It’s getting to be Social Security time. As the 2016 elections get closer, conservatives agitate to cut back benefits and liberals agitate to raise them.

Both sides are likely to increase in volume when Social Security’s delayed annual trustees’ report finally appears later this year. And when people realize that in 2014, Social Security ran a $73 billion cash deficit — that gets to be serious money — even though its trust fund got bigger.

So today, I’m launching what I hope will become a series of Social Security truth-teller articles. By that, I mean columns or articles that will explain what’s actually going on with our biggest and most important social program — as opposed to the conventional wisdom or what conservatives or liberals have to say.

We’ll start today with the idea shared by a truly odd couple — New Jersey Gov. Chris Christie (R) on the right, and Sen. Elizabeth Warren (D-Mass) and other liberals on the left.

Why tie Christie and the liberals together? Because they all think that “the rich” are somehow benefiting unfairly when it comes to Social Security’s retirement benefits.

And, in my fact-supported opinion, they’re both wrong.

Christie proposes to deal with “the rich” by reducing benefits for Social Security retirees who have $80,000 of non-Social Security income and eliminating them entirely for people with $200,000 of such income. Liberals want to increase benefits and safeguard the system in large part by eliminating or greatly raising the wage cap (currently $118,500) on which the 12.4 percent Social Security tax is collected.

But when you look at the relationship between what higher-income people pay in Social Security taxes and the benefits they get, you see that what the “max tax” payers get from Social Security is actually worth considerably less than the value of the taxes that they pay into the system.

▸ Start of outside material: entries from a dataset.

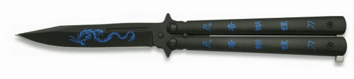 Preciosa navaja mariposa o abanico de acero inoxidable de calidad con letras orientales en las cachas.
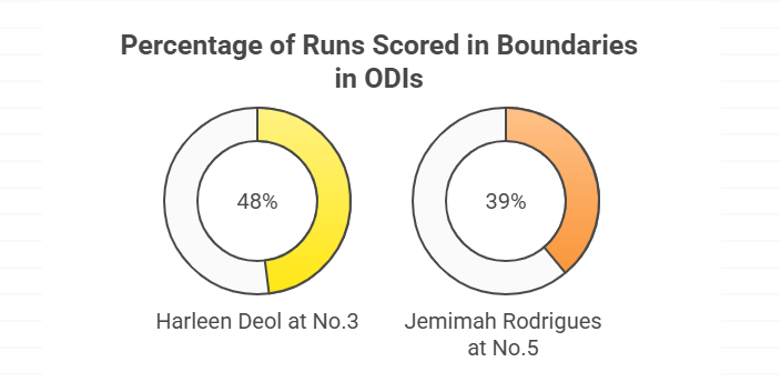 But here’s the catch. Harleen Deol has scored 58 fours and a six in her 13 innings batting at three. That’s 238 runs out of the 496 she’s scored. In simple words, Harleen Deol has scored almost 48% of her runs at No.3 in boundaries. On the other hand, Jemimah Rodrigues has managed 67 fours and three sixes in her 18 innings at five. In other words, the youngster has scored around 39% of runs in boundaries at No.5.
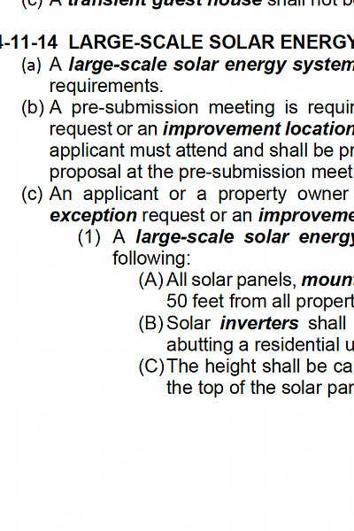 The current ordinance: This is what’s in the current Unified Zoning Ordinance for solar installations.
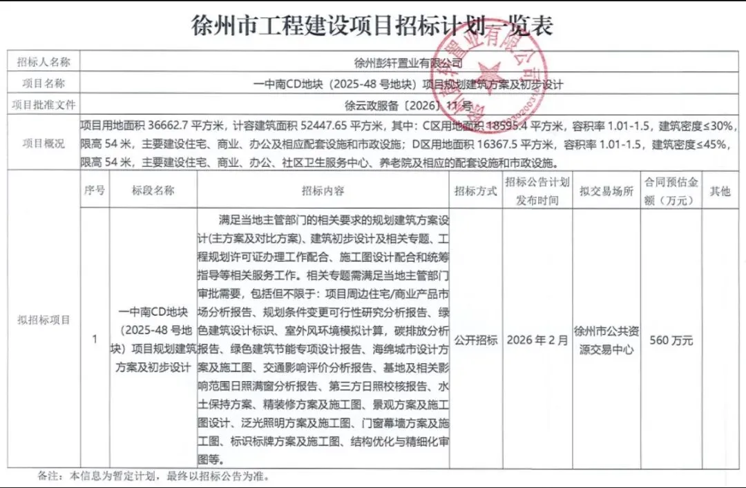 最近徐州新城区有个好消息:一中南CD地块终于要动起来了!徐州市公共资源交易平台刚发了这个地块的规划设计拟中标公告,2月份就要正式招标,意味着这块闲置4年的地终于要开工建设了。
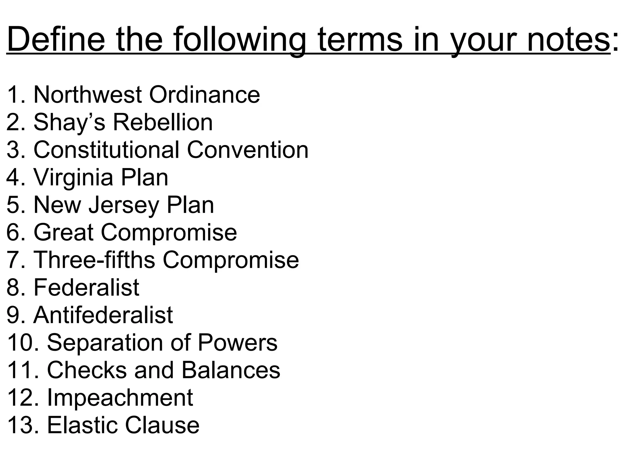 The document defines several key terms from early American history and outlines several problems with the Articles of Confederation, including that Congress could not tax, the nation lacked a unified court system, and there was no national currency. It then discusses several compromises and plans debated at the Constitutional Convention, including the Virginia Plan, New Jersey Plan, Three-Fifths Compromise, and the eventual Great Compromise, which created a bicameral Congress.

I know this because six years ago I asked Social Security’s actuaries to place a value on the benefits my wife and I stood to get in retirement compared with the value of the Social Security taxes that she and I and our employers had paid over the years. (I assume, as most analysts do, that the employers’ Social Security tax payments ultimately come out of their employees’ pockets.)

My wife and I offered a classic case because I had paid max tax for the 35-year period on which recipients’ Social Security benefits are based.

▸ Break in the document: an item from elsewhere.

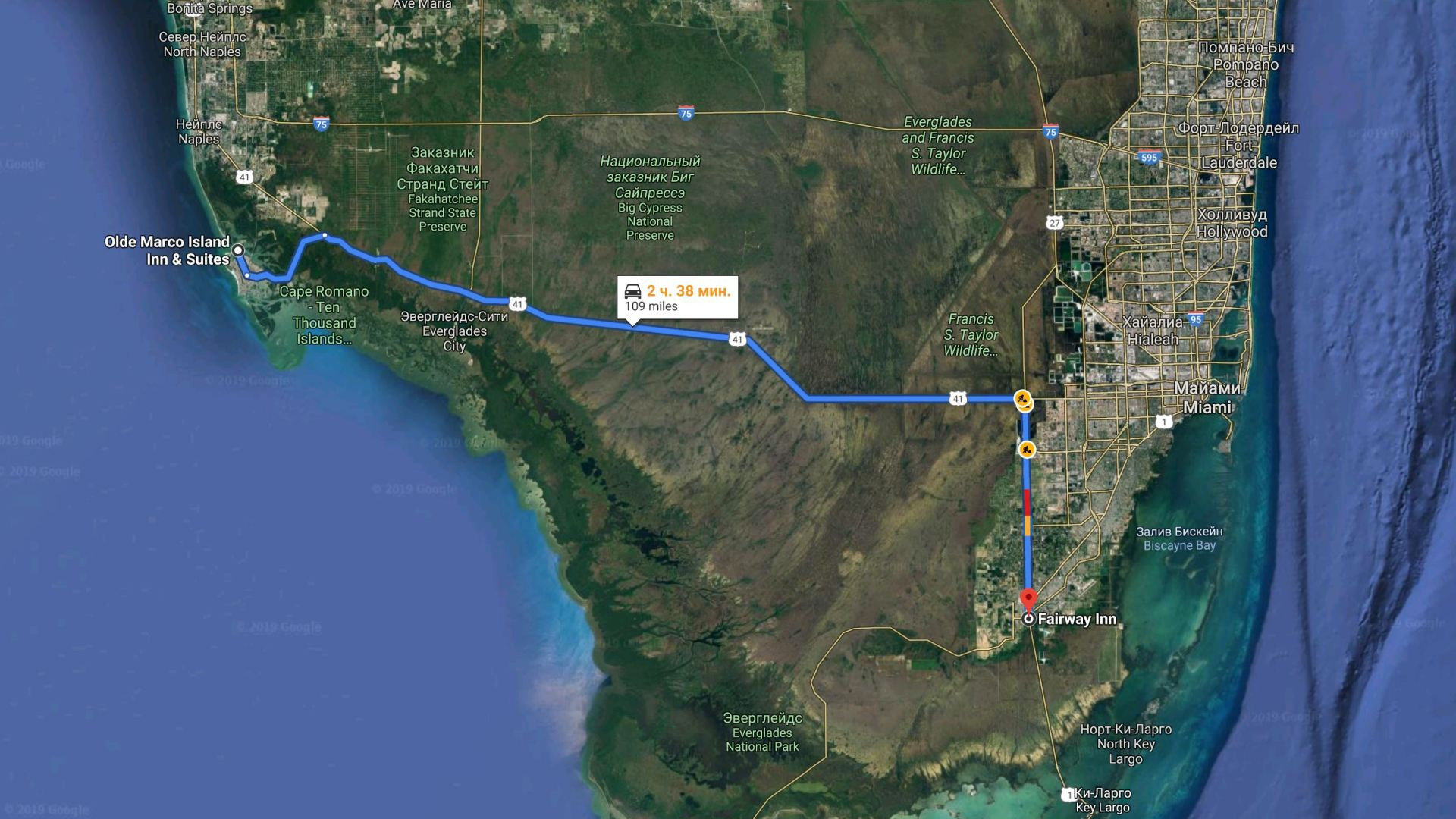 На следующий день мы отправились в КИ-Вест, о чем будет отдельный рассказ, а еще через день мы поехали через Эверглейдс на западное побережье Флориды, к Мексиканскому заливу, по обычному шоссе, не въезжая в Национальный парк, а просто по пути в следующее место остановки — на Остров Марко.

Guess what: Social Security’s actuaries calculated that our benefits were worth only about 75 percent of the value of our contributions. (For details, see

What’s more, because my wife and I pay income tax on 85 percent of our Social Security benefits — money that gets credited to the Social Security trust fund — our benefits are effectively reduced by an additional 20 percent or so. That means that our benefits are worth only about half of what we put in.

The fact that I continued working — and paying maximum Social Security taxes — for five more years reduced our benefits even further relative to our contributions.

So, you see, people who earn the maximum wage covered by Social Security — a more accurate term than “the rich” — are subsidizing Social Security rather than getting a fat deal.

As one of those people, I think that’s perfectly fine. Social Security, after all, is an intergenerational transfer payment designed to make sure that people who have worked all their lives, paid taxes and played by the rules don’t have to spend their golden years living on street corners and eating cat food.

I have absolutely no problem with wanting to have max-tax types like me pay more income tax on my Social Security benefit, or to slow down the rate of growth of my benefit or to increase the covered wage — any of which would help to put Social Security cash income and cash outlays into some sort of balance.

But eliminating a promised benefit for which I’ve paid taxes for more than 50 years, as Christie wants to do, if I happen to have done well? To add 12.4 percent in Social Security tax to top earners’ marginal rate, as some liberals want to do by eliminating the salary cap?

Either of those turns Social Security from an earned benefit that is subtly means-tested into welfare. And we all know what tends to happen to welfare in this country.